Молитва его со времени встречи стала совсем иной.
С тех пор, как из уст Учителя он услышал слова о Боге, имя - Отец Небесный, точно Бог пришел к нему из какой-то заповедной глубины, из сокровенной тьмы Святого Святых и, такой далекий, страшный, неприступный стал так близко, совсем рядом. Он чувствовал так часто эту близость, точно самый воздух кругом него и в нем самом был напоен Богом.
И это чувство достигало в нем такой остроты, что, беседуя с кем-нибудь, он останавливался на полуслове, чтобы отдаться вполне захватывающему ощущению таинственной близости.

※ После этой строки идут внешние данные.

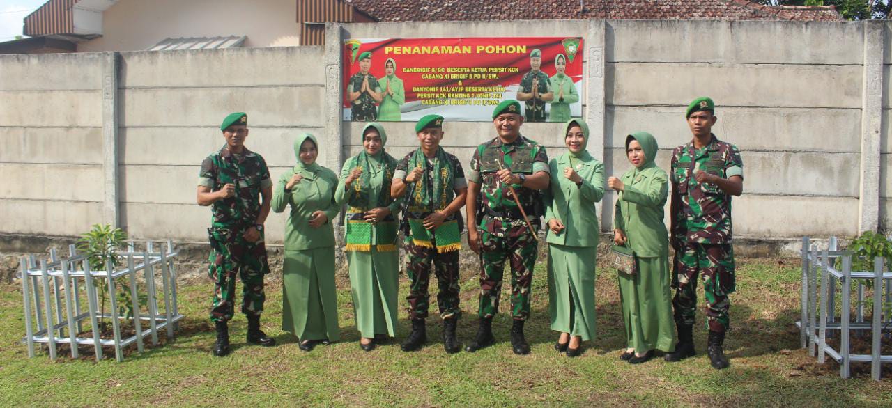 Guna menciptakan lingkungan yang asri, Danbrigif 8/Garuda Cakti didampingi Ketua Persit KCK Cabang XI Brigif 8 disaksikan oleh seluruh prajurit dan Persit Yonif 141/Aneka Yudha Jaya Prakosa melakukan Penanaman Bibit Pohon.
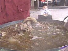据台湾媒体报道,天冷正是吃姜母鸭的最佳时节,但云林日前传出鸭只传染禽流感疫情,不少民众心生恐惧,连姜母鸭业者都遭到池鱼之殃,生意一落千丈。目前云林业者煮了一锅一锅的姜母鸭,免费请大家吃,借着县长的大力促销,希望走出禽流感的阴霾。

Чувство Бога и его близости сливалось в нем с еще более сильным и новым чувством близости к Учителю. Граней тут не было. Одно переходило в другое. С Учителем он был всегда. И даже когда на короткие часы с ним разлучался, все-таки реально ощущал его присутствие. И когда ложился с наступлением ночи на ложе, к радостному чувству покоя, наступившего после дня ходьбы и утомительных трудов, присоединялось бесконечно более радостное чувство неразлучности с Любимым даже здесь, в полном мраке, в глубоком и сладком сне. Иногда это чувство сосредотачивалось просто где-то в сердечной глубине, иногда оно сопровождалось светлыми видениями.
Тогда казалось, что сам Учитель неслышно подошел к изголовью и склонился так низко, что длинные пряди волос касаются лица, а глаза, ЕГО глаза, льют лучи, смотрят с нежной и грустной любовью в самое сердце.
И тогда Иуда просыпался, вслушивался в тишине и, смотря на далекие звезды через открытую кровлю, неслышно плакал слезами умиления и восторга.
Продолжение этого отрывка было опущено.